Apart from a 6% pullback in mid-April, the company's share price has continued to make higher highs throughout 2019, indicating that a strong trend remains intact. Those who wish to buy the stock should seek an entry at the $88 level, where the price encounters key support from a trendline extending back to late December and the 50-day SMA. Once in a trade, consider using a multiple of risk to bank profits. For instance, a stop order placed below the August low at $86.34 represents risk per share (RPS) of $2.27, assuming an execution at Tuesday's $88.60 closing price. Traders could then set a take-profit order at $93.14 – two times RPS.
Waste Connections, Inc. (WCN)
Waste Connections, Inc. (WCN) provides waste collection, transfer, disposal, and recycling services in the United States and Canada. It operates roughly 90 active landfills, more than 145 transfer stations, and about 66 recycling centers. In 2019, the $24.07 billion company has forged deals that provide three new market entries in Colorado, Illinois, and Iowa, as well as signing tuck-in deals in Colorado, Montana, Nebraska, New York, and Wyoming. The company posted in-line Q2 earnings, while revenue for the period came in above Street expectations by $9.2 million. Additionally, the waste management player bumped its full-year 2019 revenue guidance from $5.31 billion to $5.38 billion. The company's stock has gained 23.60% YTD as of Aug. 28, 2019. Investors receive a 0.71% dividend yield.

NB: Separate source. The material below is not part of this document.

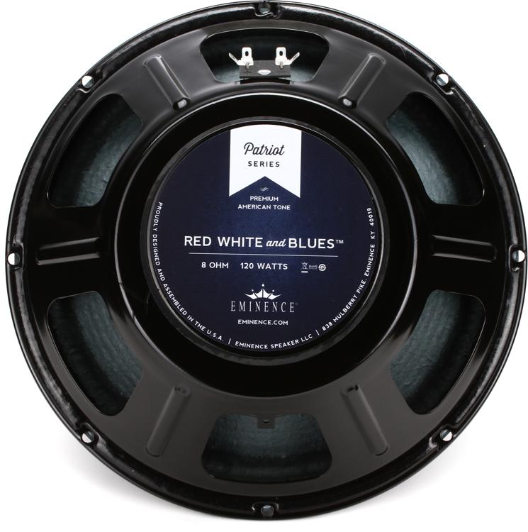 At 101 dB, it’s surely loud enough for any combo amplifier. The power handling of the Eminence Red White & Blues is 120 watts which means it will work in almost any sub-120-watt amplifier. This is a great speaker upgrade for a Marshall DSL40CR or Fender Hot Rod Deluxe. This would be a nice upgrade from the stock speaker in a Fender Blues Junior.

Waste Connections stock rallied nearly 40% from its late-December low to its early July high. However, since that time, the price has pulled back to a crucial support zone at the $88 level. The relative strength index (RSI) shows a reading below 50, giving the price ample room to make another attempt at testing the 52-week/all-time high at $97.76 set on July 3. Those who buy the stock at current levels could place a stop beneath either the Aug. 23 low at $88.91 or Aug. 5 low at $87.81, depending on risk tolerance.